Asked by: Alyn Smith (Scottish National Party - Stirling)
Question to the HM Treasury:
To ask the Chancellor of the Exchequer, how much his Department has spent on instructing debt collection agencies to send final opportunity letters in each of the last three years.
Answered by Jesse Norman - Shadow Leader of the House of Commons
As part of their overall collections strategy, debt collection agencies (DCAs) provide HMRC with additional capacity. The department keeps under review the cost effectiveness and value for money that using DCAs provides to the Exchequer and UK citizens. There are no current plans to move away from using agencies to send final opportunity letters.
The table below sets out the total expenditure on DCAs by HMRC and the amount spent instructing them to issue final opportunity letters.

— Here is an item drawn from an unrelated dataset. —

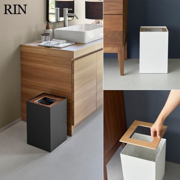 温かみのある天然木の蓋とスチールの組み合わせが美しい、スクエア型トラッシュカン。内側のストッパーリングでゴミ袋を固定でき、袋が見えず生活感を抑えられます。

| Total spend | Final opportunity letter spend |
2017/18 | £ 32,099,756.77 | £1,714,901.62 |
2018/19 | £ 26,021,351.78 | £1,302,490.63 |
2019/20 | £ 26,163,245.08 | £1,242,984.66 |
Final opportunity letters are sent on HMRC’s behalf by some of the debt collection agencies that the department works with. These are:
The full list of debt collection agencies that HMRC work with can be found on GOV.UK: https://www.gov.uk/if-you-dont-pay-your-tax-bill/debt-collection-agencies.
Asked by: Alyn Smith (Scottish National Party - Stirling)
Question to the HM Treasury:
To ask the Chancellor of the Exchequer, how much his Department has spent on debt collection agencies in each of the last three years.
Answered by Jesse Norman - Shadow Leader of the House of Commons
As part of their overall collections strategy, debt collection agencies (DCAs) provide HMRC with additional capacity. The department keeps under review the cost effectiveness and value for money that using DCAs provides to the Exchequer and UK citizens. There are no current plans to move away from using agencies to send final opportunity letters.
The table below sets out the total expenditure on DCAs by HMRC and the amount spent instructing them to issue final opportunity letters.
| Total spend | Final opportunity letter spend |
2017/18 | £ 32,099,756.77 | £1,714,901.62 |
2018/19 | £ 26,021,351.78 | £1,302,490.63 |
2019/20 | £ 26,163,245.08 | £1,242,984.66 |
Final opportunity letters are sent on HMRC’s behalf by some of the debt collection agencies that the department works with. These are:
The full list of debt collection agencies that HMRC work with can be found on GOV.UK: https://www.gov.uk/if-you-dont-pay-your-tax-bill/debt-collection-agencies.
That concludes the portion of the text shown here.